Section 3. Obligations of IDI.

         3.1 In consideration of this agreement, and for the term of this
agreement, IDI agrees to develop and maintain a version of its Time Bank
interface product which will support the Reseller Time and Attendance program.
The Time Bank will accept standard hours files from the Reseller Time &
Attendance program and convert them to payroll input files for supported payroll
systems. IDI will provide Reseller with a demonstration copy of The Time Bank
for Reseller's internal use.

         3.2 IDI will sell operating licenses for Time Bank products to Reseller
at Dealer Price. A copy of the price list effective January 1, 1997 is attached
to this agreement for reference purposes only. IDI may change prices at any time
after providing 30 days advance written notice to Reseller.


                                        2

<PAGE>

Section 4. Term and Termination.

         4.1 This agreement shall remain in effect for five years, unless
terminated earlier by either party according to the conditions described below.

         4.2 Either party to this agreement may terminate the agreement after
providing 90 days advance written notice to the other.

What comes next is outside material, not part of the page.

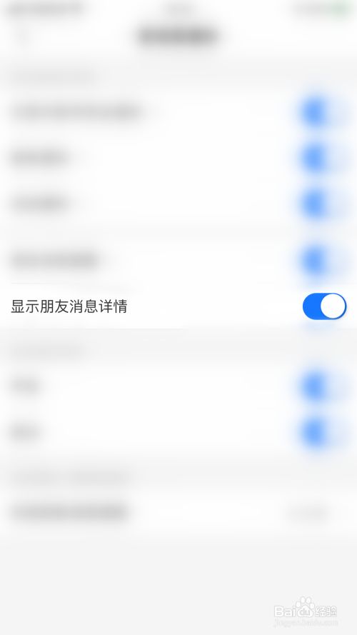 新消息通知设置界面点击“显示朋友消息详情”后面的圆点

         4.3 The obligations of both parties shall cease upon termination of
this agreement with the exception of obligations or refunds owed by one party to
the other prior to termination, the payment of outstanding invoices owed by
Reseller to IDI, and the obligations under Section 7, 8, and 10. Any such
obligation or refund amount shall be paid within 30 days of termination of this
agreement.

         4.4 This agreement will be automatically renewed on the five year
anniversaries of its execution. Either Reseller or IDI may prevent the automatic
renewal of this agreement by providing written notification to the other before
the end of the then current year's agreement.

Section 5. Taxes

         5.1 Reseller shall be responsible for payment of sales, use, or other
taxes levied against the sale/sub licensing of Time Bank Software, when Reseller
makes the sale.

Section 6. Patent and Copyright Indemnification

         6.1 IDI agrees to defend, and indemnify Reseller for, any actions based
on a claim that the Time Bank Software infringes any patent, copyright,
trademark or other proprietary right of any third party. Reseller agrees to give
IDI prompt notice of any such claim and Reseller agrees to cooperate in its
defense. If the Time Bank Software becomes, or is likely to become, the subject
of such a claim, IDI may, at its option, (a) secure Reseller' rights to continue
using the Time Bank Software; (b) replace or modify it to make it non-infringing
but equivalent in performance, or (c) discontinue the Time Bank Software and
Reseller' rights under this agreement.

Section 7. Warranty

         7.1 IDI warrants that the Time Bank Software will perform according to
IDI's written Time Bank payroll control system manual for ninety (90) days after
delivery. In the event of a failure to so perform, IDI agrees to promptly repair
or replace the Time Bank Software, so that it does so conform. In addition, IDI
agrees to updates, if any, free of charge, during the ninety (90) day period.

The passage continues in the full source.